SAN FRANCISCO (Reuters) - Tens of thousands of emails sent on Thursday that asked recipients to volunteer for the Democratic Party ahead of the November U.S. election actually came from email scammers and carry malicious software, according to researchers at cybersecurity firm Proofpoint.
The emails borrow language from the website of the Democratic National Committee and seek to leverage interest in the U.S. presidential election following the first televised debate Tuesday between Republican President Donald Trump and Democratic contender Joe Biden, said Sherrod DeGrippo, senior director of threat research at Proofpoint.
The Word document attached to the spam contains miniature programs known as macros that, if enabled by the recipient, install a password-stealing program known as Emotet, DeGrippo said.

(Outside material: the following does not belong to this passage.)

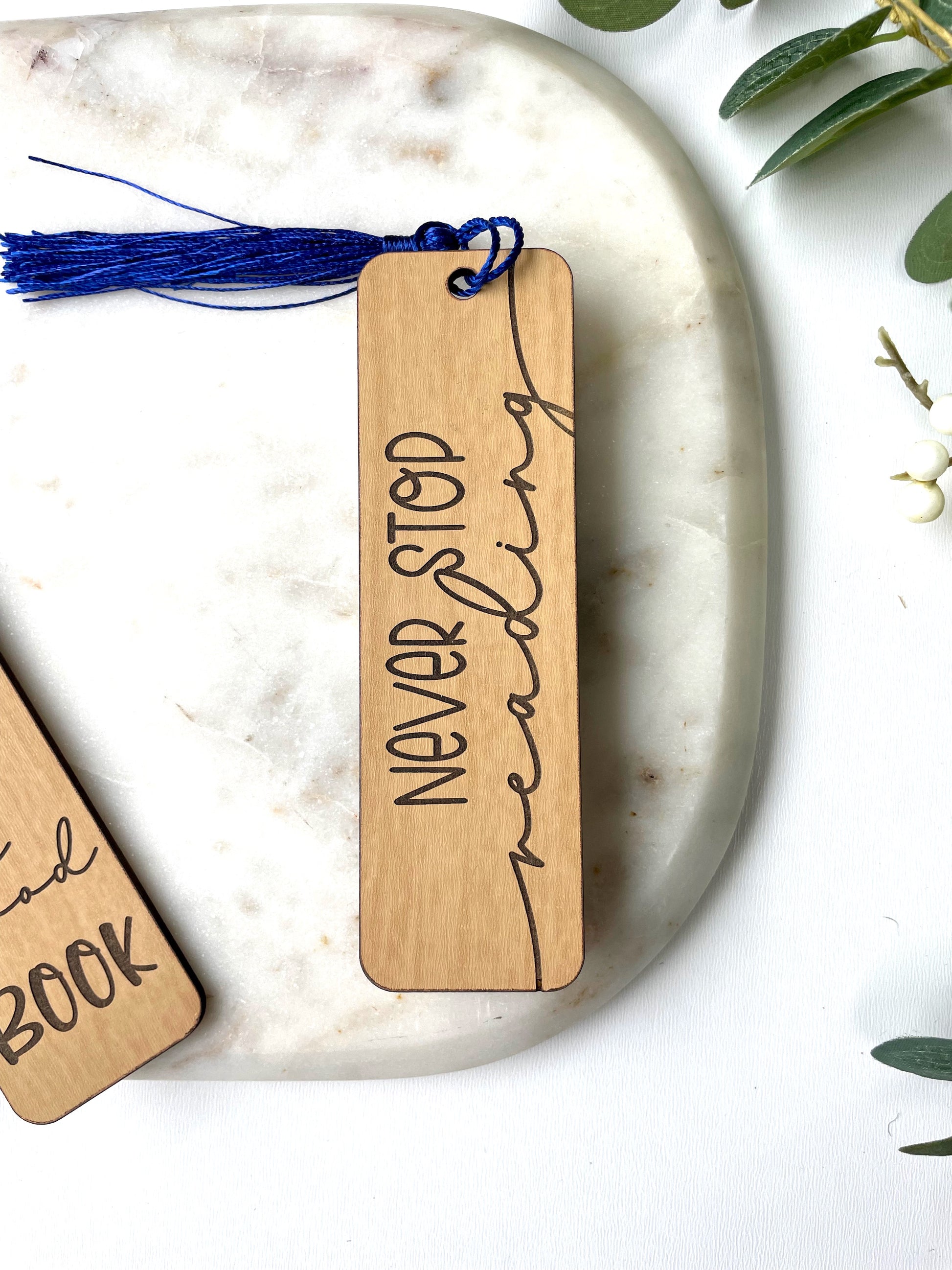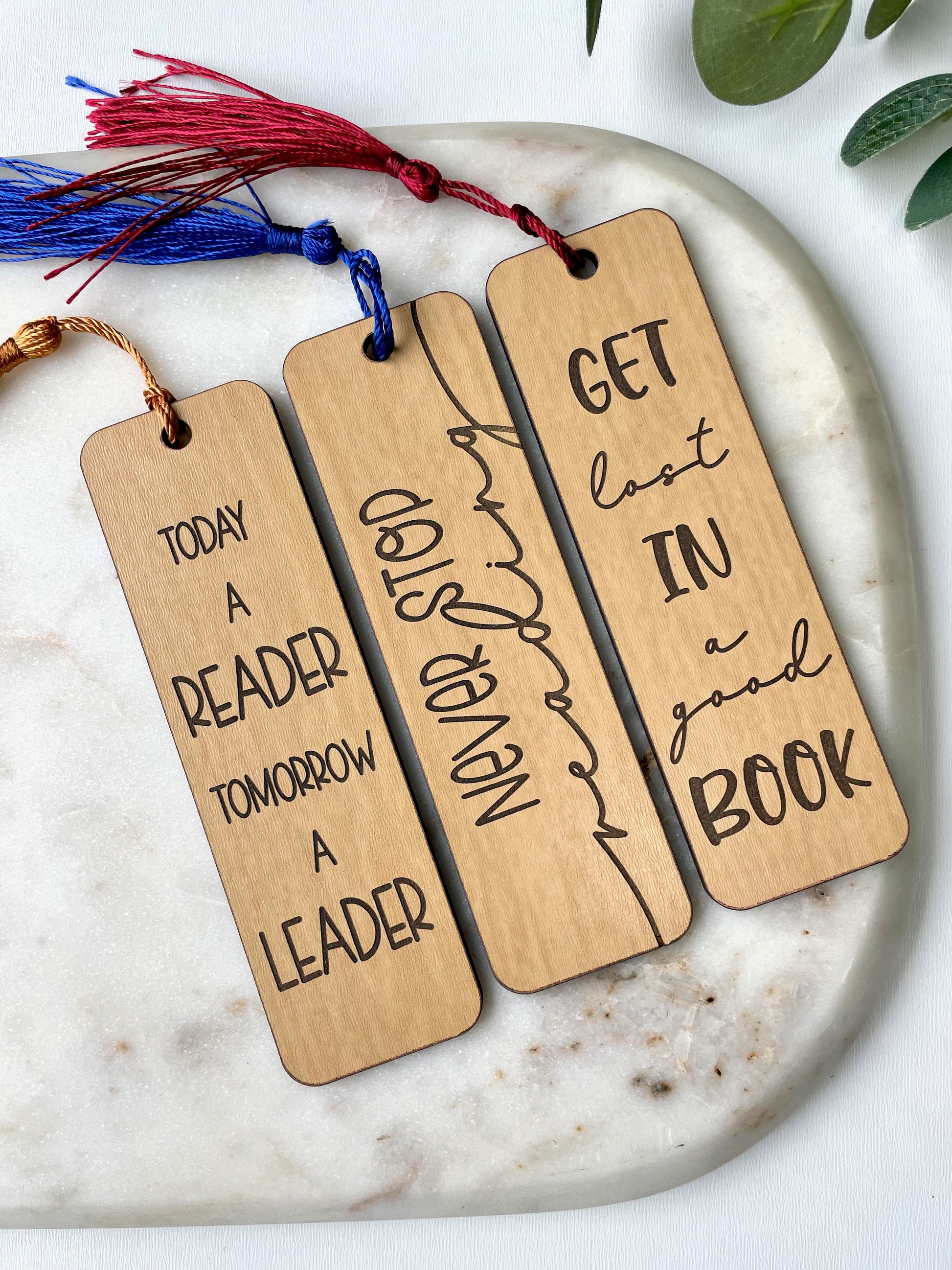 Add a personal touch to your kids reading with our engraved wood bookmarks! Laser engraved on birch wood. Our wood bookmarks make perfect gifts for young book lovers!

“We know that attackers will use themes and current events in the hopes of compromising people,” DNC spokesman Chris Meagher said. “The DNC takes cybersecurity seriously and encourages everyone to be vigilant when opening emails and attachments to protect themselves.”
The emails come less than five weeks before the Nov. 3 election.
Some 30,000 emails had been sent with the DNC theme by early evening on the East Coast, the Proofpoint researchers said.
The emails appear with different sender names and subject lines, but all assert in the text that they are sent on behalf of the DNC and ask for volunteers, declaring: “the way we win is by organizing.”
The attachment is sometimes titled “Team Blue Take Action,” according to an email intercepted by Proofpoint.
DeGrippo said she believes the email senders are motivated by money, not politics. “They want to get the most clicks.”
Emotet steals financial passwords and usually installs other malicious programs that can be controlled remotely, among other things enabling ransomware, DeGrippo said.